Australian novelist and singer 1924–1963

Deirdre Cash (16 July 1924 – 11 March 1963) was an Australian novelist, dancer and torch singer, who wrote under her Irish pseudonym Criena Rohan. Her first novel, The Delinquents, that was set in Brisbane, was published in London and described by the Daily Mail as a "back-street Tristan and Isolde".

==Background==
Deirdre Cash was born on 16 July 1924 in Albert Park, Victoria into an Irish-Australian Catholic family. Her father Leo Evaristus Cash, a salesman, had been active in the 1930s New Theatre movement in Melbourne, while her mother Valerie (née Walsh) was an operetta singer. Her parents separated when Valerie and her younger brother were still young. They were brought up by relatives in Calca, South Australia and then by unmarried aunts in Melbourne.

==Education and singing==
Deirdre boarded at the Convent of Mercy, Mornington, Victoria.

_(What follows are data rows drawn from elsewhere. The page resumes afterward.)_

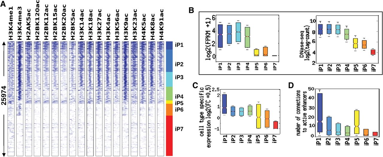 Regulatory properties of active promoters in IMR90 cells using 18 histone acetylation profiles and Hi-C data. (A) Clustering of RefSeq promoters by IMR90 histone modification profiles: iP1-iP7 classes identified de novo from this data set match P1–P7 classes in Figure 4. (B) Absolute expression and DNase hypersensitivity for each of the seven IMR90 promoter classes. (C) Cell-type-specific expression. (D) Number of enhancer–promoter connections (Hi-C) for each of the seven IMR90 promoter classes.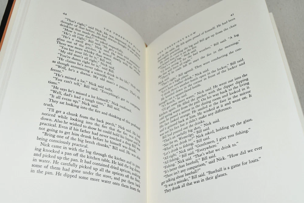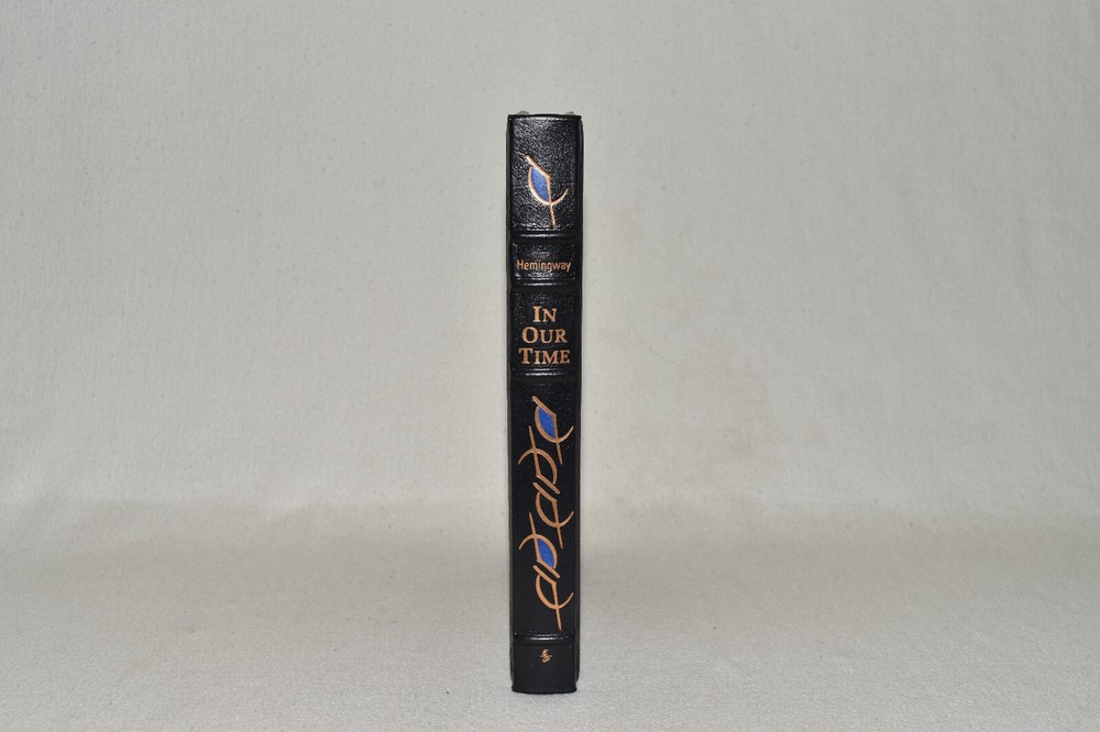 From the Easton Press Collection... In Our Time Stories by Ernest Hemingway by Ernest Hemingway Illustration by Alan Phillips C ollector's Edition Copyright 1990 by The Easton Press Bound in Premium Full Leather This volume contains all of the classic Easton Press trimmings: Premium Leather Silk Moire Endleaves Distinctive Cover Design Hubbed Spine, Accented in Real 22KT Gold Satin Ribbon Page Marker Gilded Page Edges Long-lasting, High Quality Acid-neutral Paper Smyth-sewn Pages for Strength and Durability Beautiful Illustrations A very scarce title in any condition, this Easton Press First Limited Edition is in Fine condition. The front and back covers are both in terrific condition and the gilded page edges show minor wear on the top edge (see pictures of all gilt sides). There are no markings, bookplates, or other signs of prior ownership in this book. This book was published by Easton Press and would be a beautiful addition to your Easton Press collection. Hopefully you can add this book to your collection and enjoy it in the years to come... Please Email Me With Any Questions You Might Have! Shipping Info: Buyer to Pay Shipping and Handling International Bidders Pay Extra Shipping Seller Not Responsible For Uninsured Items Lost or Damaged in Mail Forms of Payment Accepted: Paypal Good luck and happy bidding! Powered by eBay Turbo Lister The free listing tool. List your items fast and easy and manage your active items.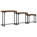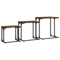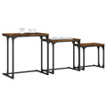 These 3 nesting coffee tables are the perfect alternative for small flats or any area with limited space. Its industrial design makes this coffee table set a chic addition to your living room, bedroom or office. Durable material: The engineered wood is of exceptional quality with smooth surface and also features strength, stability and resistance to moisture. Made of engineered wood, these nesting tables are easy to clean.Nesting design: The nesting coffee table set has different sizes to meet your different requirements. The smaller tables can nest inside the larger coffee table if you need more room. And you can arrange them separately for maximum tabletop space.Sturdy top: The sturdy tabletop of the nesting stand is ideal for placing your drinks or any other necessities you need close at hand.Versatile function: The nesting side tables are versatile! Any one of them can be used as a nightstand in the bedroom, a side table or a couch table in the living room and office.Metal frame: The metal frame adds an industrial style to your interior while ensuring durability and stability.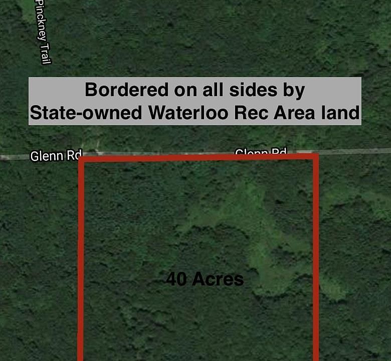 This is a truly unique property and opportunity! 40 acres of wooded land surrounded on all sides by State-owned land in the 21,000 acre Waterloo State Recreation Area. The rec area has 47 miles of trails, 11 fishing lakes, cabins, a yurt, and direct connections with The Pinckney Rec area and other surrounding preserves. The property has direct access to the surrounding equestrian and hiking trails that lead to equestrian and backpacking campgrounds within the recreation area. The property is located on Glenn Rd., which is designated as a Natural Beauty Road. There is great value in the privacy, abundant and diverse timber stand, and the natural beauty and wildlife. The rolling, wooded terrain is ideal for a private estate, multiple building sites, hunting, equestrian facility, or long-term investment. Multiple lot splits are available. For mapping and reference purposes only, the former mailing address of property was 12109 Glenn Rd.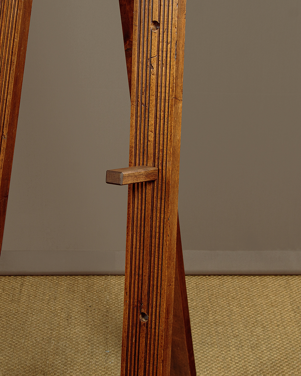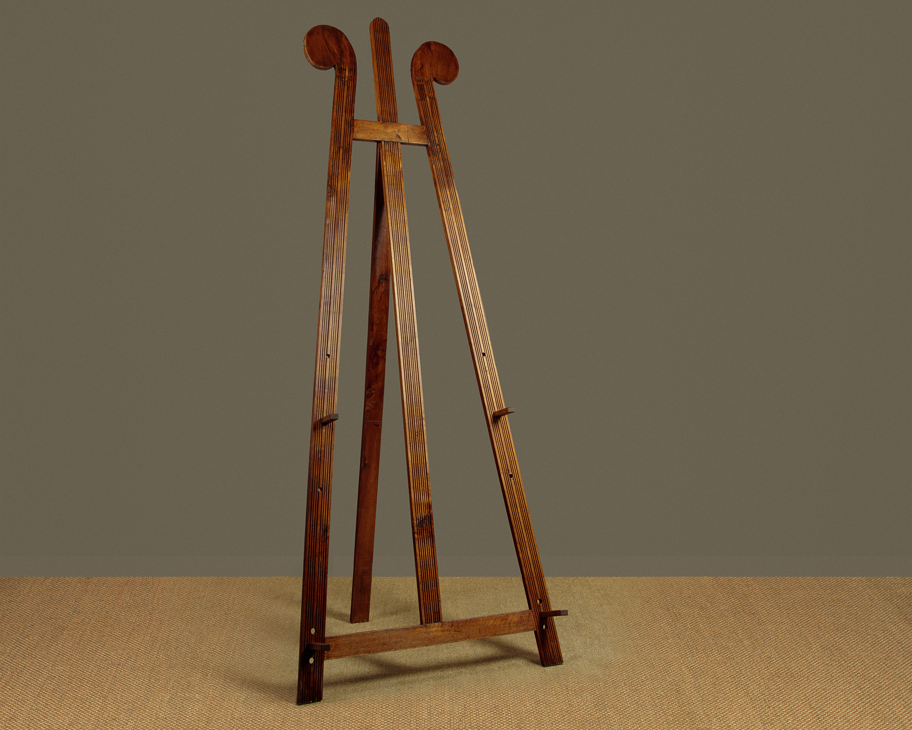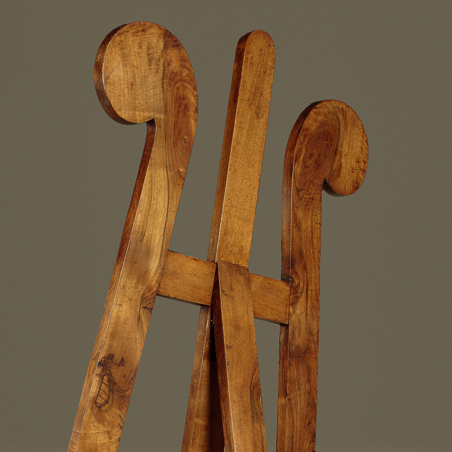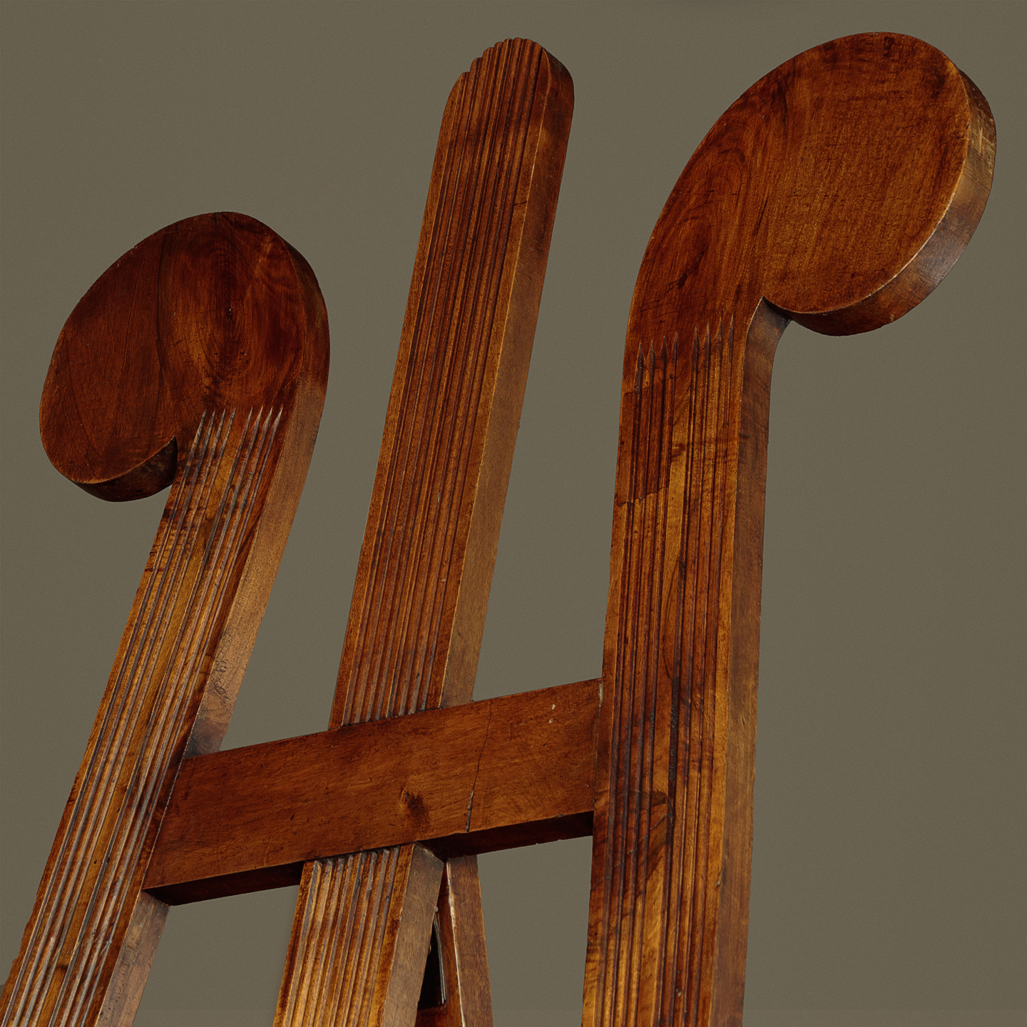 Unusually large walnut display easel c.1910. Standing 8 feet tall. Walnut A frame with hinged rear leg and two sets of wooden pegs to hold a very large canvas or a large dressing mirror perhaps. Lyre shaped tops and reeded detail. Excellent colour and condition, cleaned and waxed in our workshops.

After matriculating, Deirdre enrolled at what became the Melba Conservatorium of Music. On 4 February 1948, she married Michael Damian Blackall, a law student, but left her husband and young son to earn a living as a torch singer and teacher of ballroom dancing in Melbourne. She remarried in 1956, to a coastal seaman, Otto Ole Distler Olsen, with whom she lived at various ports.

==Writing==
Cash turned to full-time writing after a bout of illness. Her first book The Delinquents (1962), set in Brisbane, was published in London under the pseudonym Criena Rohan. It was well-received in the London press:
the Times Literary Supplement called Lola's characterization "a triumph". In 1989 the book was turned into a teenage cult film, directed by Chris Thomson and starring Kylie Minogue and Charlie Schlatter.

According to a recent literary history of Queensland, the novel was "of a tradition of critical social realism... largely absent from 'home-grown' Brisbane writing in the postwar decades." It notes "the crisp authenticity of the dialogue". The novel was reissued in 2014 by a Melbourne publisher, with an introduction by the fellow Australian novelist Nick Earls.

Cash published her second novel Down by the Dockside, set in Melbourne, in 1963. A possible third work in manuscript, The House with the Golden Door, has never been found. She died of colonic carcinoma in Melbourne on 11 March 1963, aged 38, leaving a husband, a daughter by her second marriage, and a son by her first.